Optimizing Python – A Case Study(airpair.com) |
Optimizing Python – A Case Study(airpair.com) |
My personal favourite optimisation, from needing to shave a few milliseconds off our API response times, was discovering that it's measurably slower to use * args and * *kwargs, and switching to explicitly declaring and passing arguments in the relevant parts of the code.
We also did a few other neat things:
- Rolled our own UUID-like generator in pure Python (I was surprised this helped, but the profiler doesn't lie)
- Switched to working directly with WebOb Request and Response objects rather than using a framework
- Used a background thread with a single slot queue to make sure our response was returned to the user before we emitted the event log message, but always emit the message before moving to the next request
- Heavy optimisation of memcache / redis reads and writes
Edit: Fixed formatting
The crosstown_traffic API in hendrix does exactly this.
Dump your virtualenv, create a new one with pypy, reinstall libraries and test your app. Takes less than 20 minutes, even for complex applications.
This is the advantage Python has over lower level languages - easy way to implement complicated things.
Kind of like Linus's quote: "Bad programmers worry about the code. Good programmers worry about data structures and their relationships."
For example, I am writing code that implements networks that evolve over time for AI research. Prototyping it in Python makes it easy to test things out, but I expect that I will have to rewrite it in C++ or maybe something more fun, like Haskell[1].
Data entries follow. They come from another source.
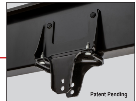
Fully Integrated into our NXG Hucked Frame
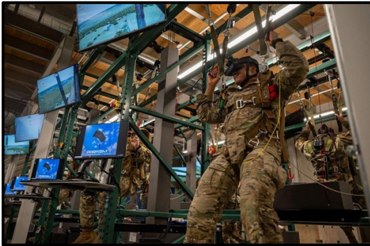
SERE students operate ParaSim virtual reality simulators, October 2023.
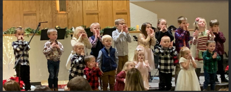
Above: Beginner Department (3 yrs—Kindergarten) Below: 1st—4th grade

1. Mostly for the sheer joy of trolling my colleagues with a learning agent monad.
Well, most of the time at least. Think about DST and leap seconds.
JRuby is faster than standard C Ruby too.
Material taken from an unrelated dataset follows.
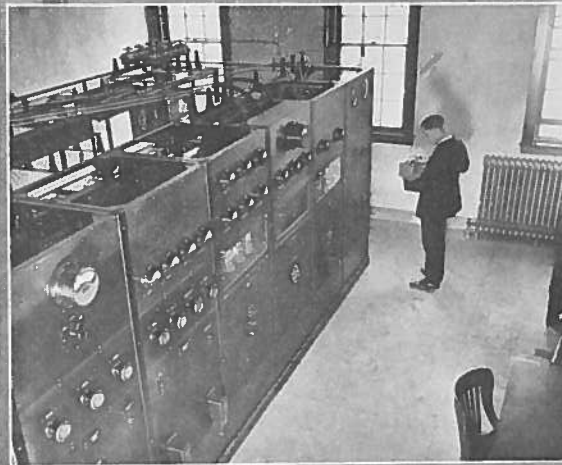
Panels at the Anoka Station

In my experience the reason why you wrote something in python (implement features faster) remain valid reasons later on when you want to add functionality.
By using pypy, cpython, rewriting small parts in C/C++ and/or using the libraries which are written in C (such as numpy) you can normally make the hotspots in your code fast enough, while keeping the advantages of python.
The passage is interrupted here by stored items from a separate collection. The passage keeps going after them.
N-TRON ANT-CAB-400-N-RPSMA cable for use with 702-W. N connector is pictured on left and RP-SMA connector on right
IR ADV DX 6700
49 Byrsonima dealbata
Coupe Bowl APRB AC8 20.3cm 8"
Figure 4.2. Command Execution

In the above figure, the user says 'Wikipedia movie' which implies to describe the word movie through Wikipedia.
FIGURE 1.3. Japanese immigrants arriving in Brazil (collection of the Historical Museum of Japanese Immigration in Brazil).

Come check out #hendrix on freenode.
That's why you must quantify advantages and disadvantages, including risks minimization and only then you'll see, whether given course of action is viable.
Also, profiling pypy is less straightforward than profiling CPython code since the hotspot changes the runtime characteristics of the program. This means you need to run tests many times over to make sure the code warms up. This makes further optimizations slightly more difficult. It's not a problem for people with experience optimizing Python code, but for people who actually hope to learn something from OP's blog post, it might be a sticking point.
In my experience in using Python for stats, script type work (as opposed to writing servers and daemons), pypy just isn't that useful. All the Python code is doing is gluing numpy and Cython code together and pypy isn't likely to be able to warm up in time to beat it - and it won't beat it since it's spending most of its time in C.
Obviously, if pypy is an ideal choice for you, use it. But I don't think your experience should really be put forward as a general approach.
Everything you say is true, but under the systems I use/write I am able to test for correctness pretty quickly. The nice thing about switching from CPython to PyPy is that everything get faster. I have also found that using PyPy has removed lots of cases where I would want to drop down to native code.
Changing platforms can make one's designs simpler and more robust. When it comes to structured storage, I'll start with sqlite, then when it starts to get slow I'll switch to PostgreSQL. It takes almost no work to port from one to the other.
You really should give PyPy another shot. It supports more of numpy every day and the startup time is excellent. Maybe give jitpy a try if you are not likely to move off of CPython.
It IS an interpret itself, and it runs on a virtual machine that takes care of JIT compilation.
Jython may do the same: rather than create cpython bytecode it may produce JVM bytecode which may be optimized by the JVM. However, I do not know anything about Jython performance and they could not be employing the same tactics as JRuby.
With modern Java features like lambdas coming into java 7 and 8 and other interesting languages like Scala, Groovy, etc being written for the JVM I'm sure things have come a long way since the time jython 2.4 was being developed on Java 5/6 and I'm sure the JVM has many more optimizations that dynamic languages may benefit from.
I think Clojure is one of the most interesting so I'm keen you include it in your minimal list of examples. I don't think Clojure actually uses the Java 7 "invoke dynamic" bytecode though.
An interpreter executes scripting instructions directly.
A virtual machine implements a faux (virtualized) cpu, with its instruction set etc, and executes its "assembly code" (with or without JITing).
(Things get complicated in that you can also have combinations of those concepts).